Va. Lawmaker Revives Finn Payment
By Donald P. Baker
RICHMOND, Feb. 18 A day after a legislative committee refused to pay Michele Finn's legal expenses in her right-to-die battle with Gov. James S. Gilmore III, a Northern Virginia senator disclosed that he already had slipped $48,000 into the state budget for that purpose.
Sen. Richard L. Saslaw (Fairfax), the Democratic floor leader, said he took that action because he was certain that Republicans on the House Claims Committee would deny Finn the money when it met Wednesday. And it did, on an 8 to 7 party-line vote.
Saslaw sponsored the claim on behalf of the widow of Hugh Finn, who contends that state officials most notably Gilmore interfered with her husband's wish that he be allowed to die rather than linger in a vegetative state resulting from massive brain damage suffered in a 1995 automobile accident.
Saslaw's move, which appeared to catch Gilmore off guard, leaves the administration with three choices: It can try to get the amendment removed from the budget before the legislative session ends in nine days; remove it from the budget later with a line-item veto; or quietly let it take effect.
Gilmore's first shot will come when House and Senate conferees three from each party in each chamber meet to resolve differences in their versions of the budget. Saslaw said that although the money is not included in the House budget, he expects the conferees will approve it.
Also today, a Senate panel defeated the only two antiabortion measures that were before the General Assembly this year. On an 8 to 7 vote tonight, the Senate Committee on Education and Labor rejected a House-passed bill that would have imposed a 24-hour waiting period on abortions. Supporters said the time is needed so that women considering abortion can weigh options such as adoption. Opponents said the bill was an attempt by antiabortion forces to limit women's rights.
Earlier today, the same committee killed without debate a House-passed bill that would have required abortion clinics to meet architectural regulations that now apply only to hospitals. The vote was 11 to 4.
Both Saslaw and the governor's office accused each other today of playing politics with the Finn issue, which was transformed from a personal family tragedy to a national debate when state officials tried to prevent Michele Finn from having her husband's feeding tube removed.
Gilmore said he got involved in the case only after most members of Hugh Finn's family, including his parents and all but one of his seven siblings, complained that Michele Finn was too eager to end her husband's life. They said other family members were willing to care for him. Michele Finn is seeking reimbursement for her legal fees in the court battle that ensued before her husband died Oct. 9.
Tonight, a Richmond television station said its poll showed that 81 percent of those interviewed think Gilmore was wrong for getting involved and that 71 percent think the state should reimburse Michele Finn.
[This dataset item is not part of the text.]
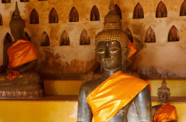 Promenade dans le marché coloré de Thongkhankham, puis découverte de la « Ville du Santal ». Vientiane présente des boulevards bordés d’arbres et quelques temples majeurs incontournables au Laos. Visite du Vat Sisaket, à l’architecture typiquement thaïlandaise. Édifié entre 1819 et 1824, c’est le plus beau temple de la ville. Il renferme notamment plus de deux mille statuettes de Bouddha nichées deux par deux dans le mur d’enceinte du sanctuaire. Après avoir visité ce site, vous traversez la rue pour rejoindre le Vat Ho Phra Keo. Cet autre temple majeur de Vientiane a été construit au XVIe siècle. Il aurait abrité le fameux « Bouddha d’Emeraude » qui est aujourd’hui exposé au Vat Phra Keo de Bangkok. En 1936, il a été transformé en musée. De nos jours vous pouvez y contempler, une très belle collection de bouddhas en bronze et d’objets d’art sacrés. Continuation vers le marché de Talat Sao où vous pourrez vous procurer des tissus traditionnels et des vanneries. Déjeuner libre dans un restaurant local. L’après-midi, visite du Pha That Luang, le temple le plus vénéré de Vientiane et le symbole du pays. Ses fondations dateraient du IIIe siècle avant J.-C. et son imposant stûpa, haut de 35 mètres, contiendrait un cheveu de Bouddha. Vous prenez ensuite la direction de l'avenue Lane Xang, pour rejoindre le Patuxai. Ce monument est un arc de triomphe, édifié dans les années 60, en hommage aux victimes des guerres prérévolutionnaires. Selon votre souhait, vous pouvez accéder à son sommet pour profiter d'une vue panoramique de la ville. Poursuite en direction du That Dam, puis marche en direction du Mékong en passant par le quartier de Nam Phou. Pour achever votre journée, vous prenez part à une agréable promenade au bord de l'eau, en profitant des vues agréables sur le Mékong et sur la Thaïlande voisine. Dîner libre et nuit à l’hôtel.

In response, the governor's press secretary, Mark A. Miner, said that Gilmore "governs by principle, not by polls."
Saslaw, who has been in the assembly more than 20 years, said his move was "not a slick trick. It's just that I'm not going to let a decision die like that. It's insane."
He said he asked a Senate Finance Committee staff member to draw up language for the amendment and then had it inserted into a packet of budget changes that were approved without discussion on the Senate floor Wednesday.
He said he told most committee members of his action before the vote. Although a couple of members said today that they didn't know about the action beforehand, Saslaw said he went out of his way to notify Republican members "because I didn't want to bamboozle the Republicans."
Saslaw said he felt comfortable going outside normal procedures because the Senate had approved the Finn claim on a 34 to 6 vote two weeks ago.
One Finance Committee member who didn't learn about the move until afterward, Sen. Charles J. Colgan (D-Prince William), defended Saslaw's action, saying that "the money should be in the budget, because the claim was approved" by the Senate.
Saslaw said he had no duty to notify the governor. "He hasn't been consulting me," Saslaw said. "He's got a lot of people working for him [trying to defeat the measure], and I don't. I'm just trying to overcome that advantage."
Saslaw added: "I hope [Gilmore] knows that he's got a mess here, and backs down. Otherwise, it's a war."
Miner called Saslaw's comments unfortunate. "Saslaw is clearly being motivated by politics," Miner said. "The Claims Committee voted on this issue yesterday, and it was defeated. Now Senator Saslaw is going against that vote and the wishes of the body he serves."
Asked about the governor's next move, Miner said, "The strategy is . . . to continue governing based on beliefs and the governor's belief on this issue."